Additionally, the provision seems to assume that secure-by-design standards are only relevant if the device is being used in unintended ways, which is certainly not the case. Whether these devices are being used for their designed function doesn’t hugely impact the likelihood of risk. Yes, if a device is used in unexpected ways, it may present additional risk, but given the imperfection of code (sorry, developers), there is a reasonable assumption of some inherent cybersecurity risk for all internet-connected devices, regardless of how they are being used.
Additionally, both subclauses (3) and (4) seem to be creating incentives that conflict with the goals of the bill; (3) for buyers to find non-standard, and thus less vetted, ways of purchasing technology; and (4) for buyers to purchase cheaper devices that do not meet security standards. Both subclauses undermine the principle of requiring security for federal systems and using the government’s buying authority to encourage behavioral change in IoT manufacturers and operators. I sympathize with the legitimate worry that secure device requirements will impact agency budgets, but these provisions are self-defeating.
Taken as a whole, the subclauses of this waiver section seem to cover enough ground to effectively make the legislation redundant in most scenarios. Not only is this a highly inadvisable approach to IoT security, it reduces the legislation to wasted effort. It seems pointless for the bill to require OMB and NIST to go to all the not-inconsiderable trouble of drafting, consulting on, and implementing complicated guidelines and policies for federal IoT procurement security - and then waive it all if cheaper devices are available or if you only use the device for “appropriate functions.”
Were it not for this addition, I think we would likely prefer the Senate version of the bill. However, with the addition of Section 7, we do not think the bill is ready for passage and we cannot support it.
Now that the House and Senate bills have been voted out of their respective Congressional Committees, they are one crucial step closer to the finish line.
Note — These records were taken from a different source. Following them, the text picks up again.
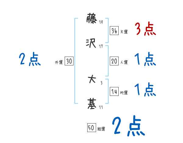 藤沢大基さんの画数の鑑定結果
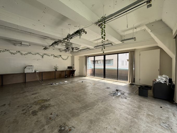 今の入居様の前に入居されていた会社様が、普通の事務所仕様からスケルトン仕様へ変更しました。
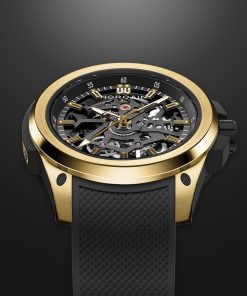 NORQAIN is closing out the year with two festive additions to its Wild ONE Skeleton 39mm line, each in solid 18K gold. The independent Swiss brand debuts 18K yellow gold for the first time, joined by an equally handsome 18K red-gold version. Both models keep the Wild ONE formula intact: a PX Impact® gold top plate, a lightweight NORTEQ® carbon-fibre back plate and the familiar rubber shock absorber that gives the watch its rugged, sporty character.

The House bill was referred to two committees, so it still needs to be approved by one more Committee (the Committee on Science, Space and Technology) before heading for a final vote on the House Floor. The Senate bill has cleared its only committee and could theoretically receive a final vote on the Senate Floor.
If both bills make it that far—which may be a heavy lift this summer given a packed legislative schedule and Congress’ annual August recess—the differences in the bills would need to be reconciled, and the reconciled bills would be voted on before they could be sent to the President for signature. The committee markup process and floor votes are the remaining opportunities for amendments to revise the bills and address any problems.
We very much hope the drafters will take this feedback into consideration and update the language to address these issues, particularly with regards to the Waiver section in the Senate version.